**Data for the task:**

• • • • • • •

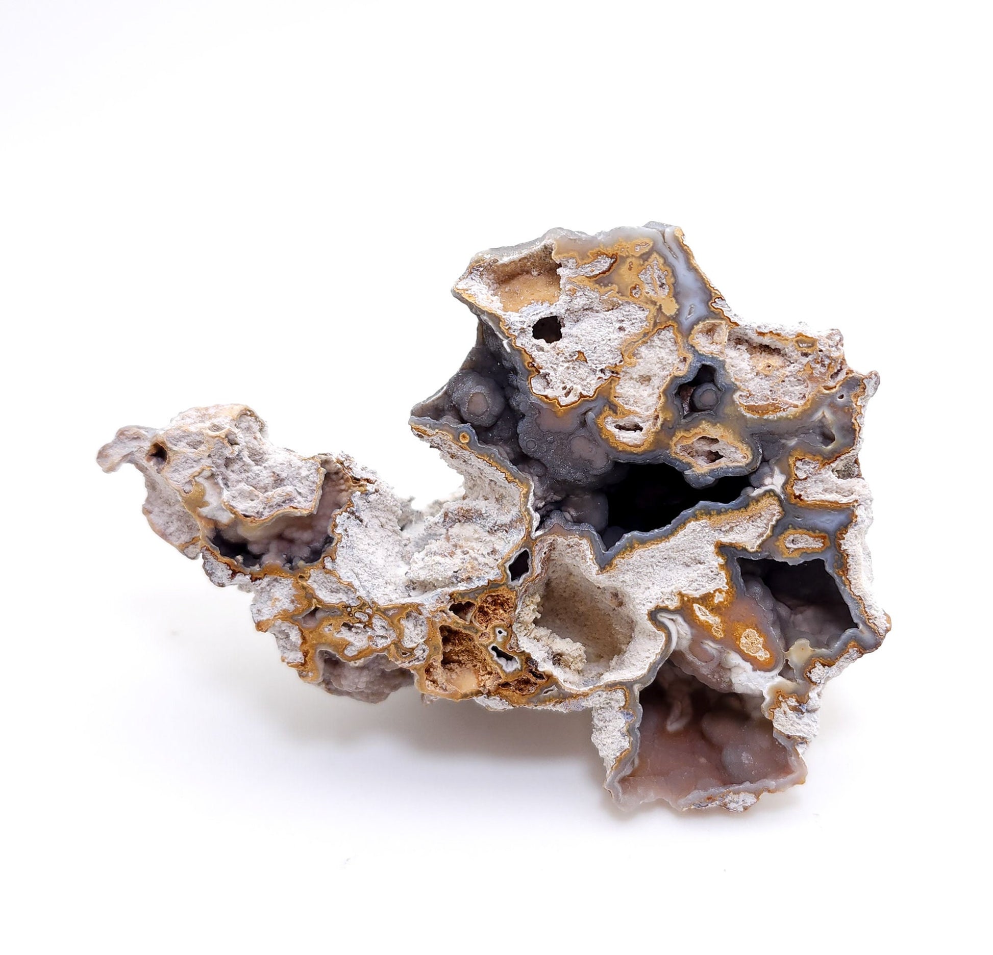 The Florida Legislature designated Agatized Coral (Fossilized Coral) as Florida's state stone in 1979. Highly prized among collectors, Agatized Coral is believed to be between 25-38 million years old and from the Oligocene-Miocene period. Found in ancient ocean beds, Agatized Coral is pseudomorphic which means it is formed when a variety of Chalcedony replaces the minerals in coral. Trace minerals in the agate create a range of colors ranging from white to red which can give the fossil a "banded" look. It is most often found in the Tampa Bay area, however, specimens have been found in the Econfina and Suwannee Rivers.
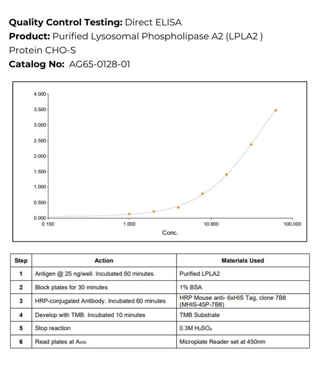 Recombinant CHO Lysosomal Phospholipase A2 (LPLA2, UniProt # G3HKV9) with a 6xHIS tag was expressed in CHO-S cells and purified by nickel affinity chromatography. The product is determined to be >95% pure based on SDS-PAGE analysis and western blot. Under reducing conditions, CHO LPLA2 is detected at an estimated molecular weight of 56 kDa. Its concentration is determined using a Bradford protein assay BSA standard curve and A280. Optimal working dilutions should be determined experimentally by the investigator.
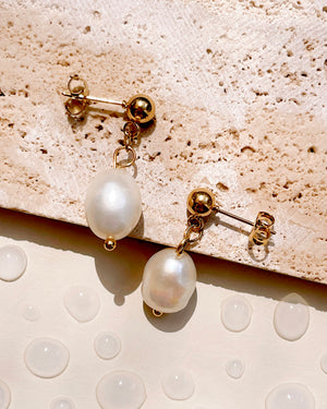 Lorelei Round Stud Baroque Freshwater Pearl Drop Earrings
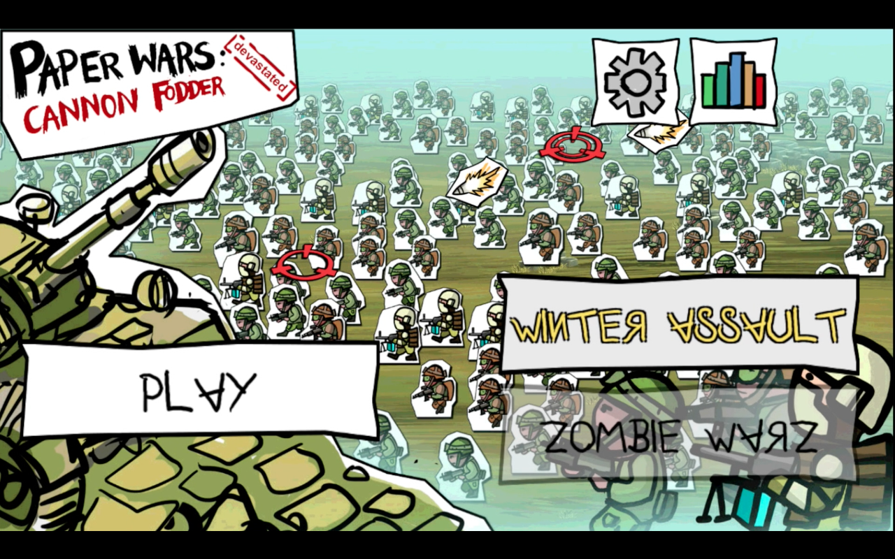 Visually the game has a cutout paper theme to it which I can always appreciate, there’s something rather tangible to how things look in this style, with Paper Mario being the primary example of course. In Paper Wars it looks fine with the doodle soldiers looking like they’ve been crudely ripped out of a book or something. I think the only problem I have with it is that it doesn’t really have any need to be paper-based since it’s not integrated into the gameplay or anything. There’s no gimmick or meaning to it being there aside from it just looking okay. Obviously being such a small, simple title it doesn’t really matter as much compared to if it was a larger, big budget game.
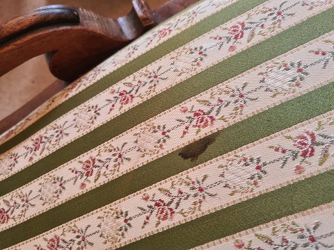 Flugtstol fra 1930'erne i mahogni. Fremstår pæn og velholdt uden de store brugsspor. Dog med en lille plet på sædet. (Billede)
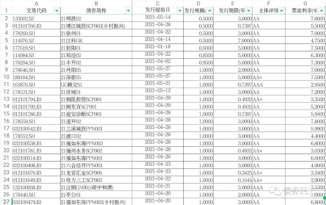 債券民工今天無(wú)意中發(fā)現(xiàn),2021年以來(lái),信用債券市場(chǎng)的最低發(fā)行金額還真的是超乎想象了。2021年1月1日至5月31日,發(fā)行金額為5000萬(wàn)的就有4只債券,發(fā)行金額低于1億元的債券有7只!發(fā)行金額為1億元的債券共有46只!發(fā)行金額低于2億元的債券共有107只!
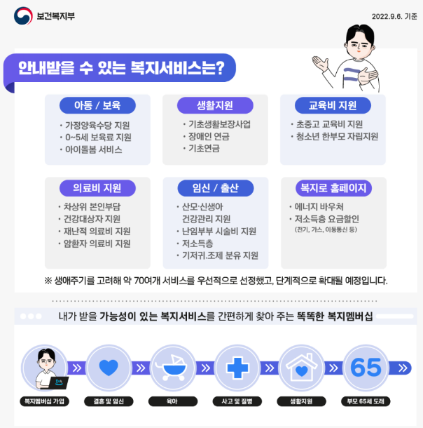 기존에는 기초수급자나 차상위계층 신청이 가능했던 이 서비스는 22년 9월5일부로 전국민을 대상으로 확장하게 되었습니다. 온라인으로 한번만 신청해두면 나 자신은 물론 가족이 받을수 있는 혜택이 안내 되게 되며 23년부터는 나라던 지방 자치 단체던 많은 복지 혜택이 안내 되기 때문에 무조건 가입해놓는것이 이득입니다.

• • • • • • •

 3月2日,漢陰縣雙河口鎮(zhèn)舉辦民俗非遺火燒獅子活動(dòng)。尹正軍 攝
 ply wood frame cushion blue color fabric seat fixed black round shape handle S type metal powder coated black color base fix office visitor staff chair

• • • • • • •

**Work instructions:** Begin at the line in the entries above that has "Flugtstol fra 1930'erne", stop after the line that has "기존에는 기초수급자나 차상위계층", and output exactly those lines without pictures.

**Your solution:**
 Flugtstol fra 1930'erne i mahogni. Fremstår pæn og velholdt uden de store brugsspor. Dog med en lille plet på sædet. (Billede)
 債券民工今天無(wú)意中發(fā)現(xiàn),2021年以來(lái),信用債券市場(chǎng)的最低發(fā)行金額還真的是超乎想象了。2021年1月1日至5月31日,發(fā)行金額為5000萬(wàn)的就有4只債券,發(fā)行金額低于1億元的債券有7只!發(fā)行金額為1億元的債券共有46只!發(fā)行金額低于2億元的債券共有107只!
 기존에는 기초수급자나 차상위계층 신청이 가능했던 이 서비스는 22년 9월5일부로 전국민을 대상으로 확장하게 되었습니다. 온라인으로 한번만 신청해두면 나 자신은 물론 가족이 받을수 있는 혜택이 안내 되게 되며 23년부터는 나라던 지방 자치 단체던 많은 복지 혜택이 안내 되기 때문에 무조건 가입해놓는것이 이득입니다.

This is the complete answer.